Exactly the lines from the one containing "タイル、モダンスタイルの家の" through the final line of the data below, with pictures omitted, make up the answer.

————————

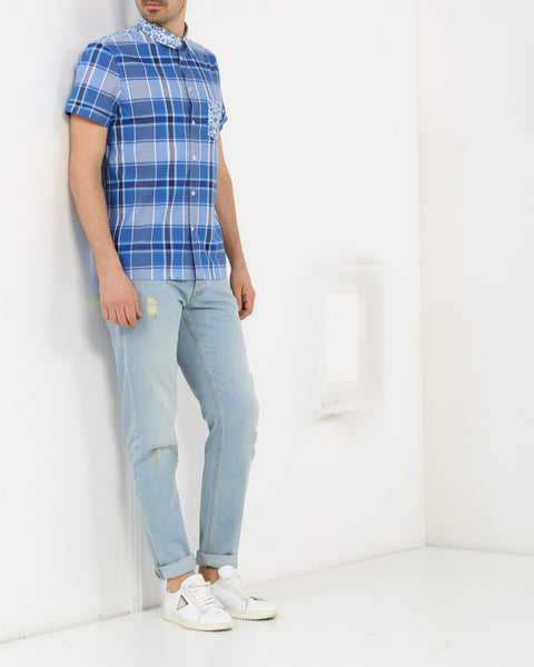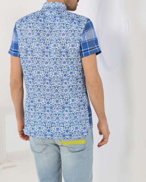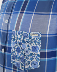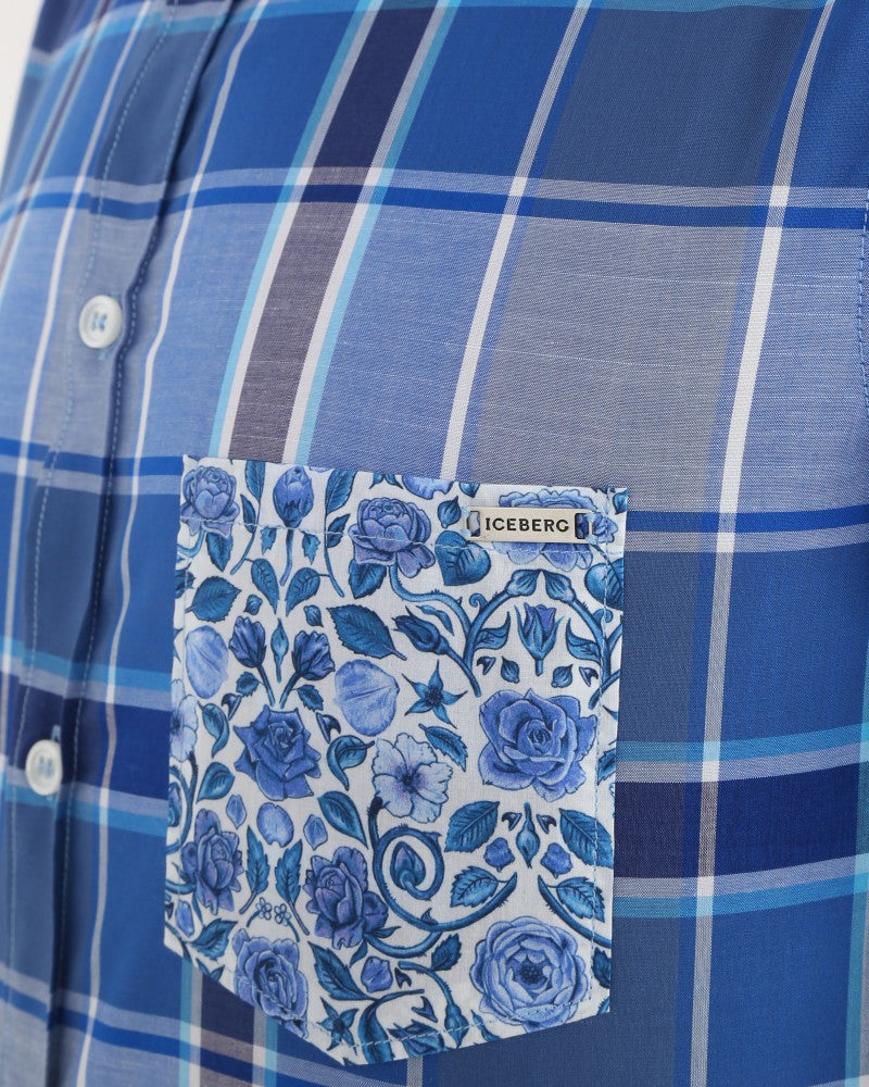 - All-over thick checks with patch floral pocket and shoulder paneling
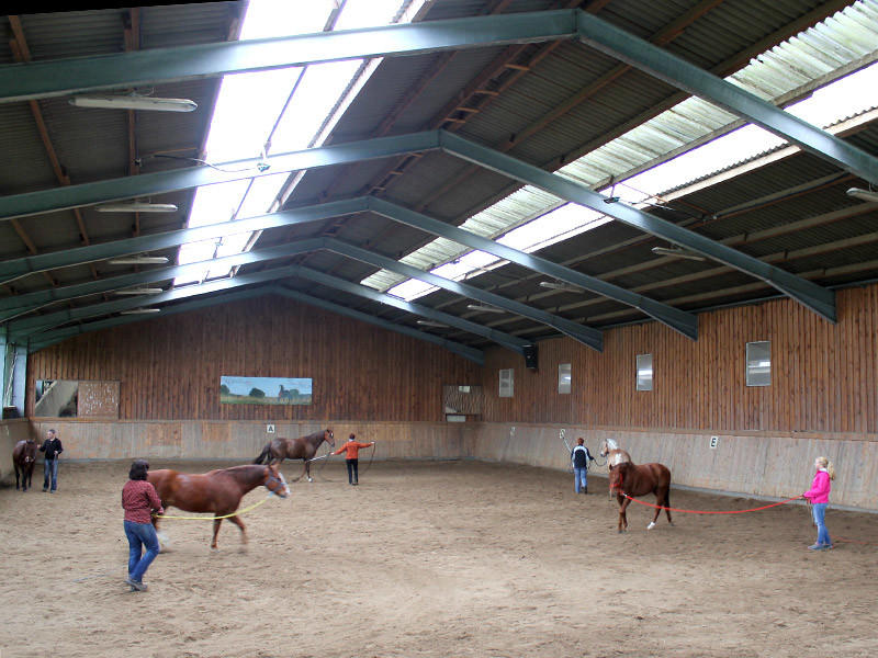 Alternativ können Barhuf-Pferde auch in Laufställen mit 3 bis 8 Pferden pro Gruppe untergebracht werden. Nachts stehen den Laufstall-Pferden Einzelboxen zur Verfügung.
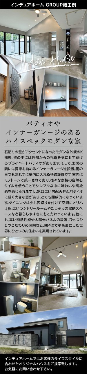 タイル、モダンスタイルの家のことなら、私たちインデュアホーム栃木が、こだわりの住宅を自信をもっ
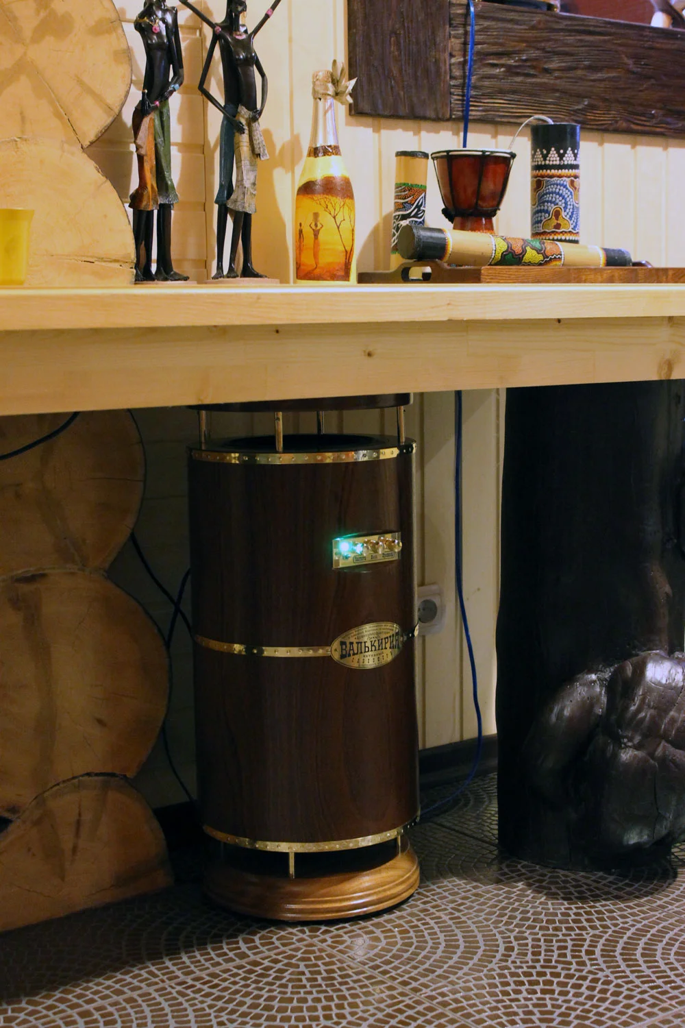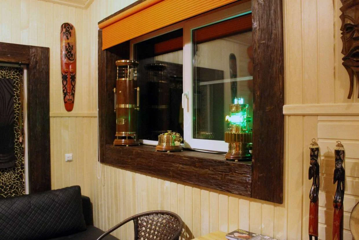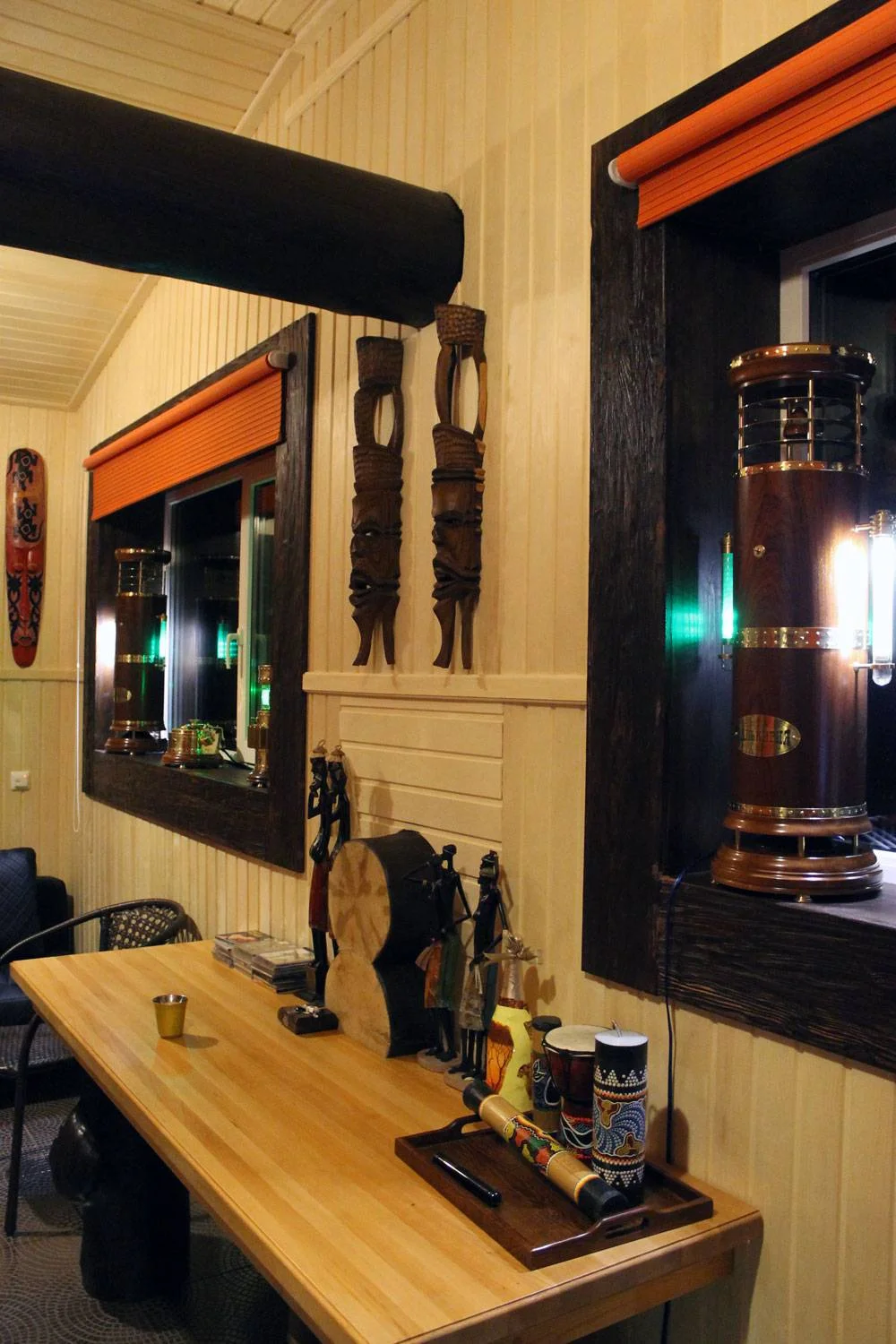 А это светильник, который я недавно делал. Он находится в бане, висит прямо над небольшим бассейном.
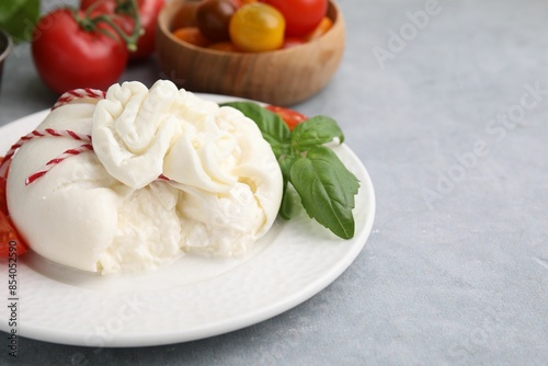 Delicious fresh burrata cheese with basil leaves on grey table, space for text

————————

__RESPONSE__
 タイル、モダンスタイルの家のことなら、私たちインデュアホーム栃木が、こだわりの住宅を自信をもっ
 А это светильник, который я недавно делал. Он находится в бане, висит прямо над небольшим бассейном.
 Delicious fresh burrata cheese with basil leaves on grey table, space for text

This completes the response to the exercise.